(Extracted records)
__________________________________________________

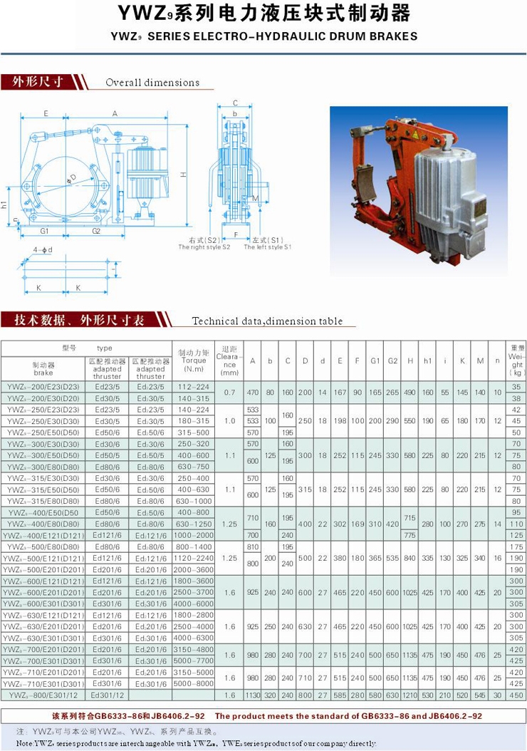 機械驅動裝置的減速或停車制動。性能安全可靠,制動平穩,動作頻率高。
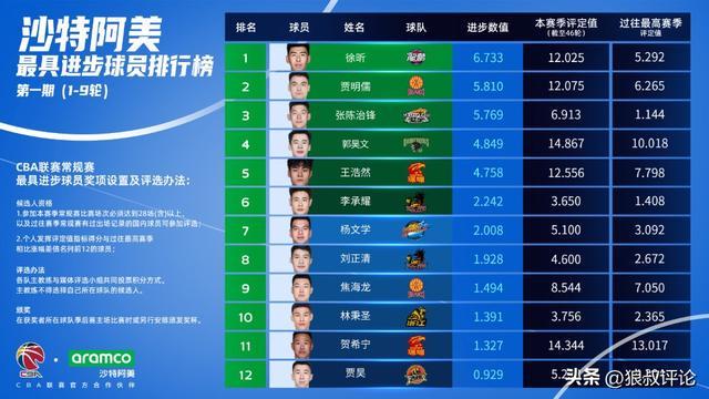 北京时间1月8日,根据CBA官方的公示,2025-2026赛季CBA联赛第1-9轮最具进步球员,广州龙狮球员徐昕排在第一。
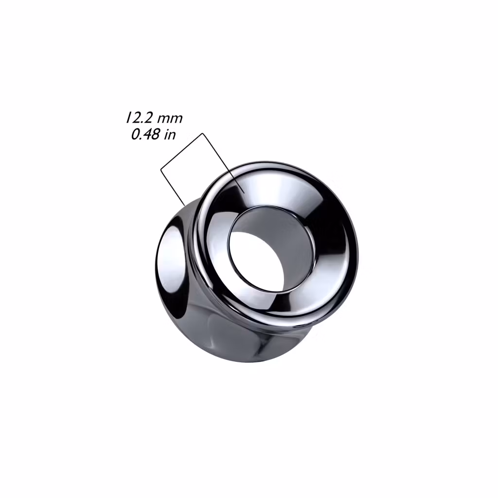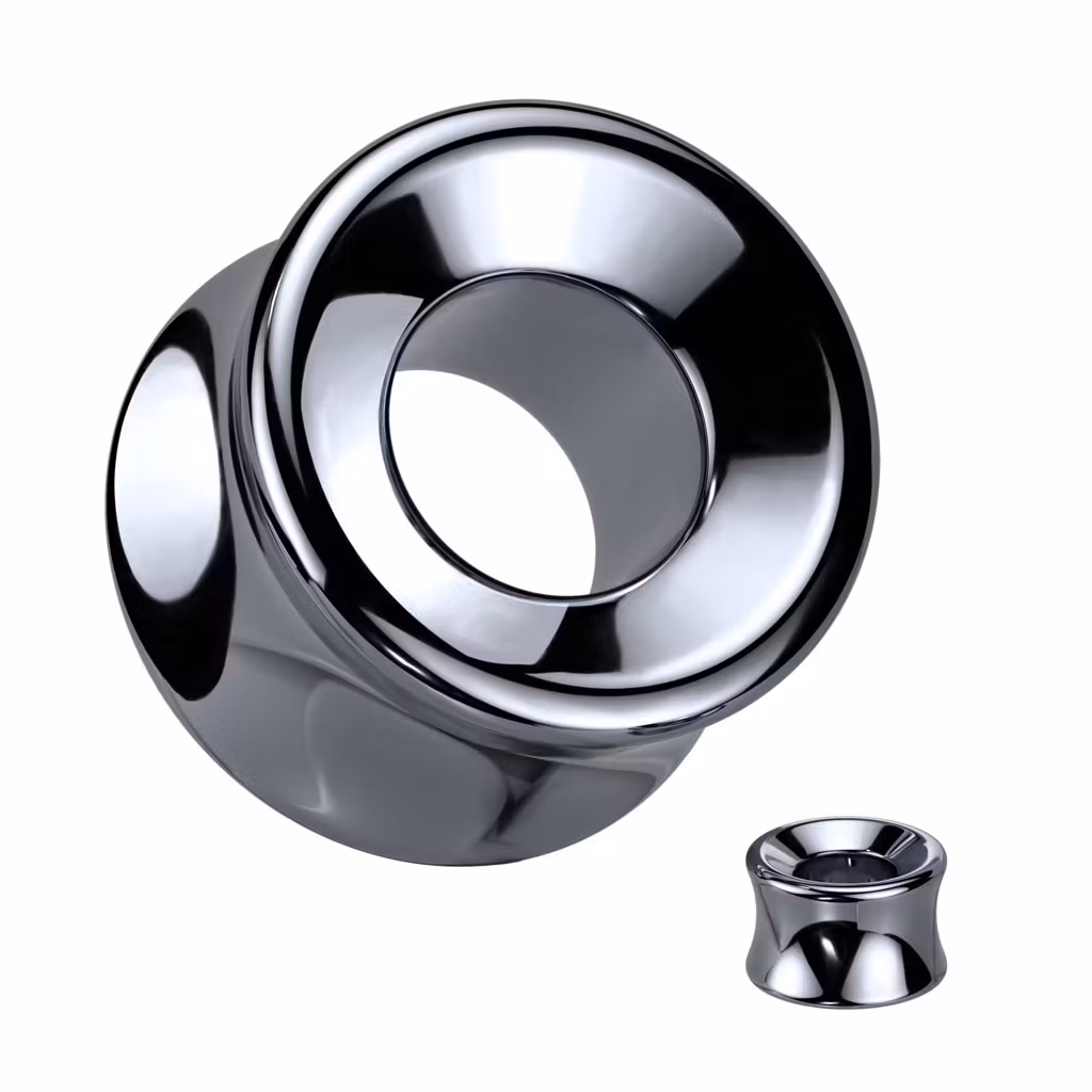 Double flare tunnel i hematit. Något upphöjd kant håller den på plats.
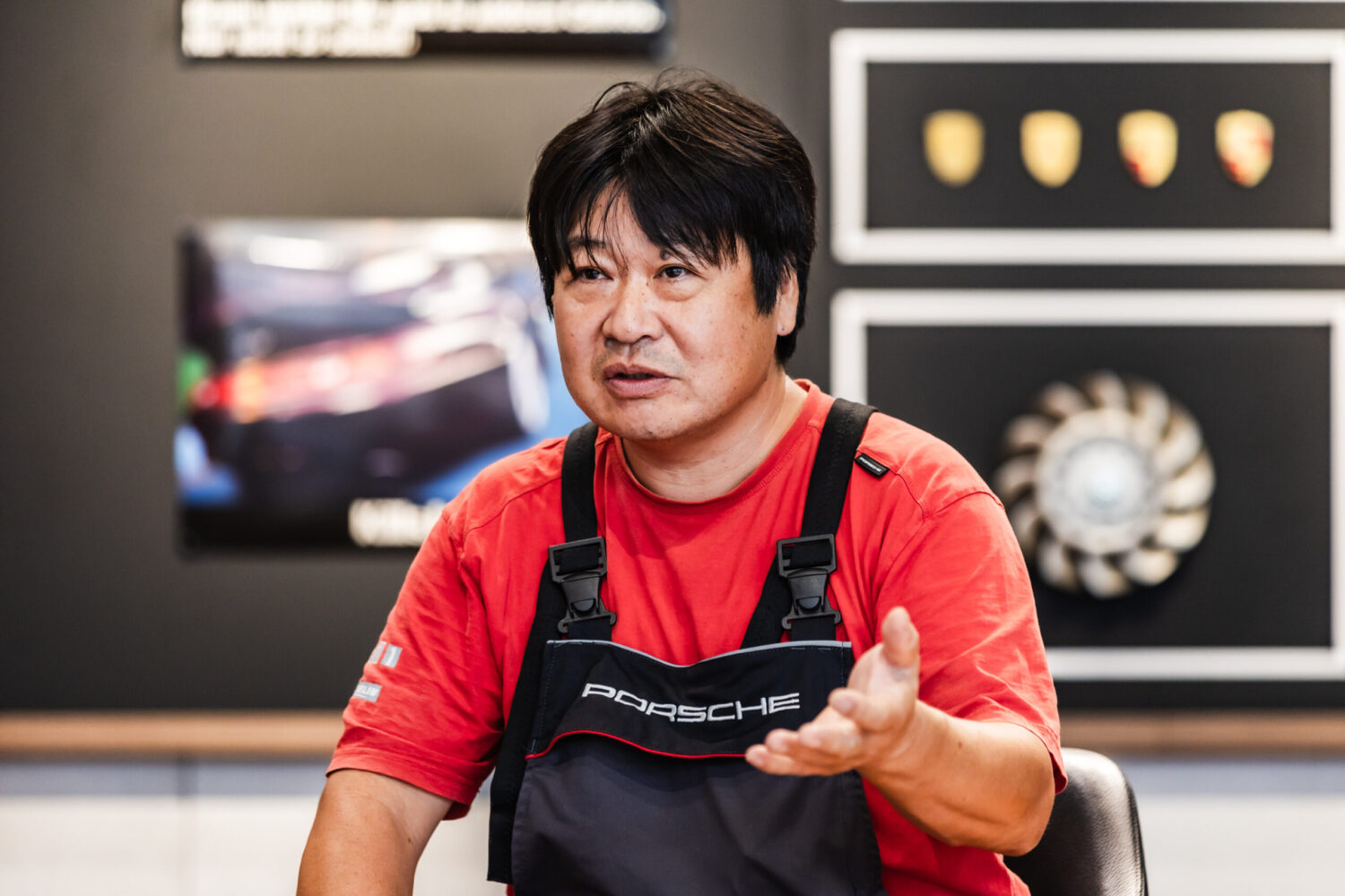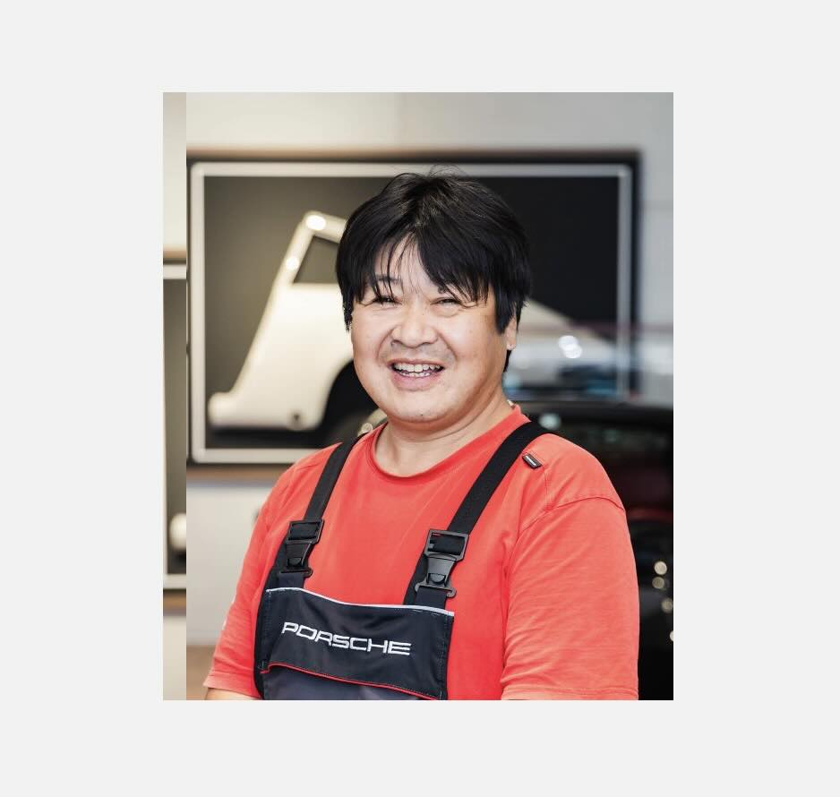 日産プリンスを経て、1990年よりミツワ自動車へ入社。。以降、ポルシェのメカニックを35年にわたり担当。ドイツ本社に招聘され、若手への技術指導を行うほどのスキルを誇る。
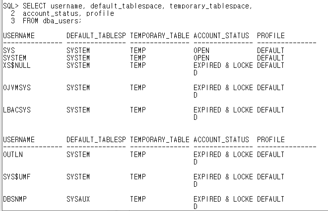 - default 또는 temporary 테이블스페이스 : 사용자의 기본 테이블스페이스나 임시 테이블스페이스 식별
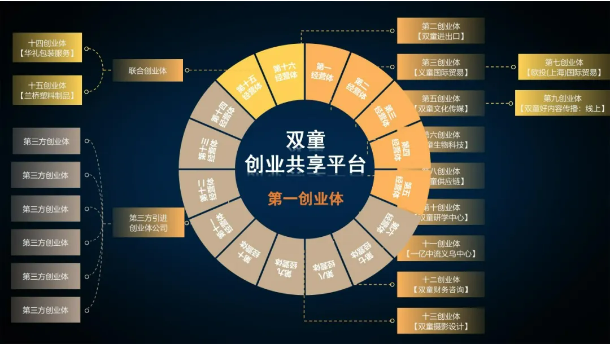 隨后,“雙童”涌現出一批又一批年輕有活力的員工開(kāi)啟了內部創(chuàng )業(yè)的熱潮,也由此逐漸延伸出了外貿、文創(chuàng )、文化傳媒、創(chuàng )業(yè)教育培訓、財務(wù)咨詢(xún)等多個(gè)板塊!在雙童30周年盛典,“雙童”又誕生了一批創(chuàng )業(yè)體,至今已孵化出26個(gè)板塊的自主經(jīng)營(yíng)體,16家創(chuàng )業(yè)體。
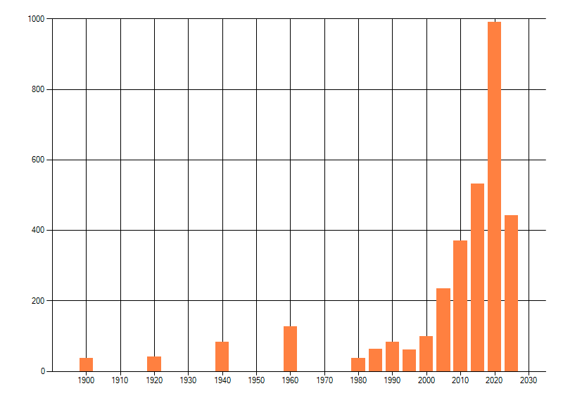 Het aantal atlasblokken (5x5 km) waarin de soort is gemeld binnen een periode van vijf jaar (vanaf 1980) of twintig jaar. Niet gecorrigeerd voor waarnemersinspanning en het aantal doorgegeven waarnemingen kan sterk variëren per periode, dus een trend in verspreiding kan hier niet direct uit worden afgelezen. Het opgegeven jaartal is het eerste jaar van de periode. Bron: gevalideerde waarnemingen uit de NDFF.

__________________________________________________

In the copy, include each entry exactly as written and none of the pictures.

 機械驅動裝置的減速或停車制動。性能安全可靠,制動平穩,動作頻率高。
 北京时间1月8日,根据CBA官方的公示,2025-2026赛季CBA联赛第1-9轮最具进步球员,广州龙狮球员徐昕排在第一。
 Double flare tunnel i hematit. Något upphöjd kant håller den på plats.
 日産プリンスを経て、1990年よりミツワ自動車へ入社。。以降、ポルシェのメカニックを35年にわたり担当。ドイツ本社に招聘され、若手への技術指導を行うほどのスキルを誇る。
 - default 또는 temporary 테이블스페이스 : 사용자의 기본 테이블스페이스나 임시 테이블스페이스 식별
 隨后,“雙童”涌現出一批又一批年輕有活力的員工開(kāi)啟了內部創(chuàng )業(yè)的熱潮,也由此逐漸延伸出了外貿、文創(chuàng )、文化傳媒、創(chuàng )業(yè)教育培訓、財務(wù)咨詢(xún)等多個(gè)板塊!在雙童30周年盛典,“雙童”又誕生了一批創(chuàng )業(yè)體,至今已孵化出26個(gè)板塊的自主經(jīng)營(yíng)體,16家創(chuàng )業(yè)體。
 Het aantal atlasblokken (5x5 km) waarin de soort is gemeld binnen een periode van vijf jaar (vanaf 1980) of twintig jaar. Niet gecorrigeerd voor waarnemersinspanning en het aantal doorgegeven waarnemingen kan sterk variëren per periode, dus een trend in verspreiding kan hier niet direct uit worden afgelezen. Het opgegeven jaartal is het eerste jaar van de periode. Bron: gevalideerde waarnemingen uit de NDFF.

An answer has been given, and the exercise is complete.